Certaines pathologies sont également associées à une fréquence accrue d’angiodysplasies :

  • Sténose aortique ;
  • Maladie de Von Willebrand ;
  • Insuffisance rénale chronique, surtout dans ses phases avancées.

Symptômes caractéristiques de l’angiodysplasie

L’angiodysplasie se caractérise par des regroupements de veines ou de capillaires formant des lésions de 2 à 10 mm, visibles sous forme de taches rouge vif, légèrement saillantes et aux contours irréguliers.

Le diagnostic de cette affection est souvent recherché en cas d’hémorragie digestive inexpliquée.

Diagnostic de l’angiodysplasie

L’endoscopie

L’endoscopie est l’examen de référence pour diagnostiquer l’angiodysplasie.

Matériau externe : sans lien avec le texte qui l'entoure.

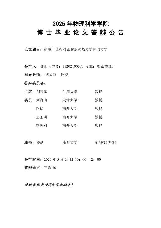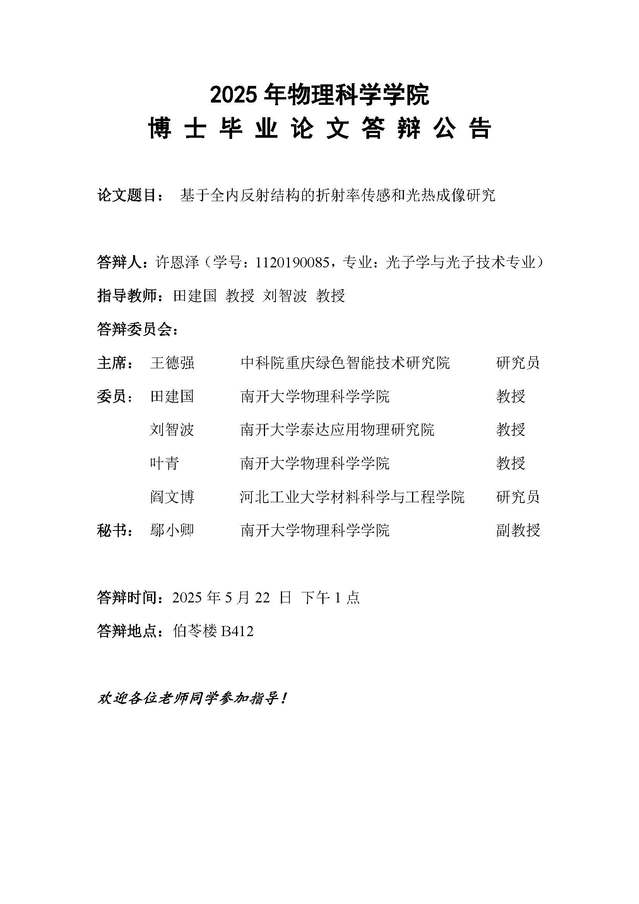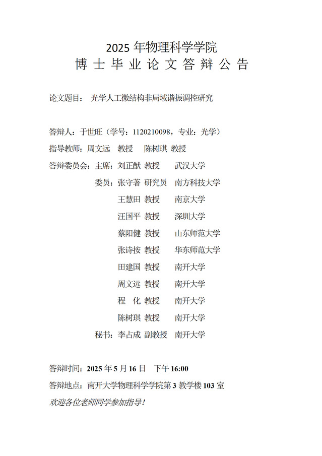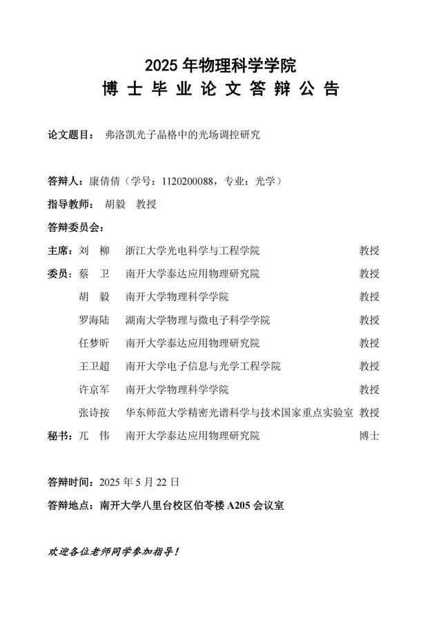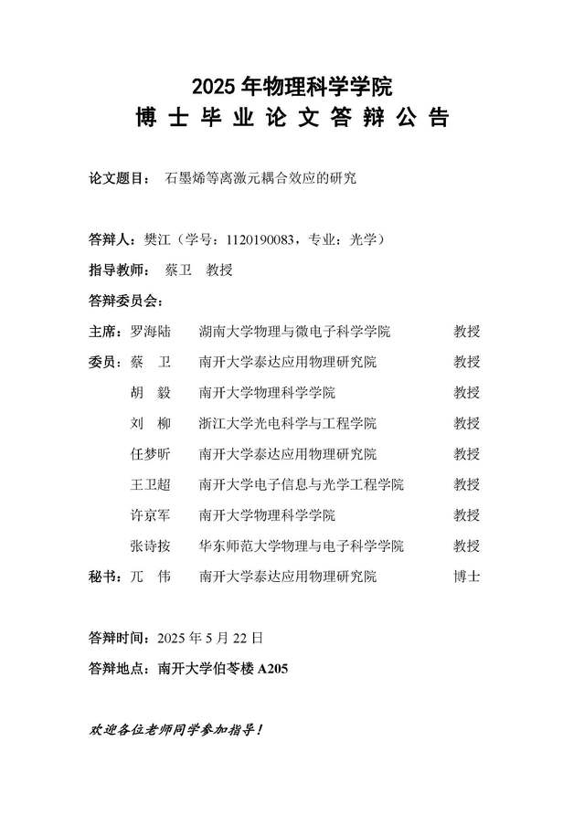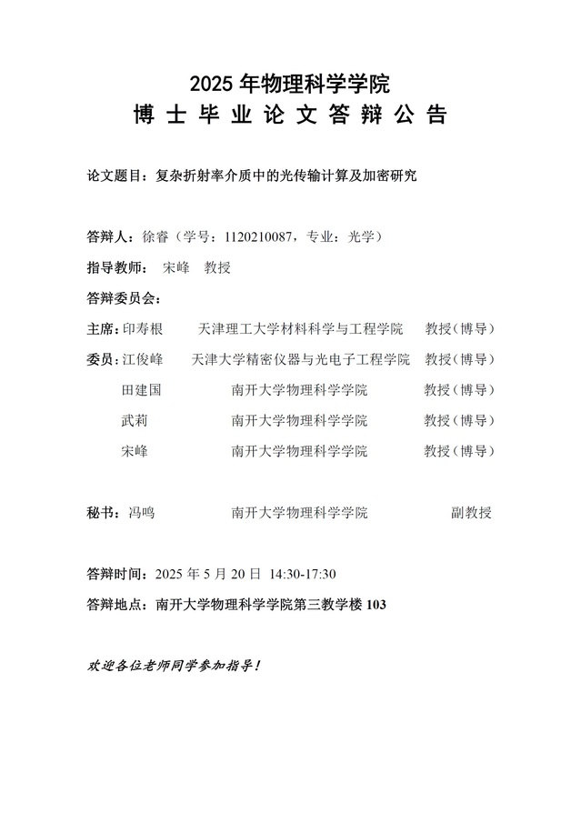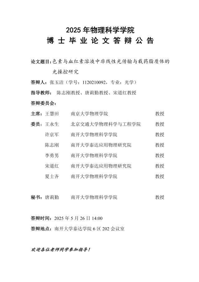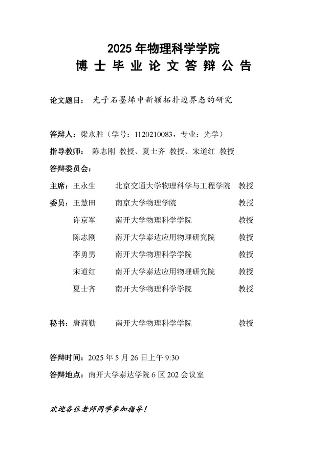 【毕业答辩】2025年春季学期顶通漫画 博士毕业论文答辩公告

Cette technique d’imagerie médicale, non invasive, permet d’examiner la paroi du tube digestif à l’aide d’un tube flexible équipé d’une caméra.

  • Les angiodysplasies de la partie supérieure du tube digestif sont explorées par endoscopie œso-gastro-duodénale ;
  • Celles du bas du tube digestif sont détectées par iléocoloscopie ;
  • Les angiodysplasies de l’intestin grêle sont examinées par vidéocapsule endoscopique et parfois par entéroscopie.

L’endoscopie peut également être utilisée pour des interventions chirurgicales afin de gérer les hémorragies.

Autres méthodes de diagnostic

  • Scintigraphie ;
  • Angioscanner et angio-IRM ;
  • Angiographie conventionnelle.

Traitement de l’angiodysplasie

Près de 90% des cas d’angiodysplasie cessent de saigner spontanément, mais environ 2% peuvent être mortels. Le risque de récidive après un premier épisode de saignement est significatif.

Endoscopie

Des interventions endoscopiques sont recommandées lors d’hémorragies pour stopper le saignement et prévenir les récidives :

  • Coagulation au plasma d’argon : utilisation d’un courant électrique et d’un gaz pour détruire ciblément la muqueuse superficielle ;
  • Électrocoagulation : arrêt de l’hémorragie par un courant électrique ;
  • Clips endoscopiques : utilisés pour les angiodysplasies du côlon chez les patients à risque élevé de récidive hémorragique.

Les traitements endoscopiques peuvent parfois être insuffisants pour prévenir les récidives, notamment lorsque les lésions sont difficiles d’accès.

Embolisation percutanée

Cette technique est envisagée en cas d’échec du traitement endoscopique, et consiste à obstruer le vaisseau saignant.

Traitements pharmacologiques

Des médicaments sont également utilisés pour réduire le risque de récidive.

  • Hormonothérapie (œstrogènes et progestérone) ;
  • Octréotide (inhibiteur de l’angiogenèse).

Mesures complémentaires

Ces mesures visent à traiter les causes et les conséquences de l’hémorragie :

  • Supplémentation en fer ;
  • Correction des anomalies de coagulation ;
  • Transfusion sanguine ;
  • Arrêt des traitements anticoagulants et antiplaquettaires.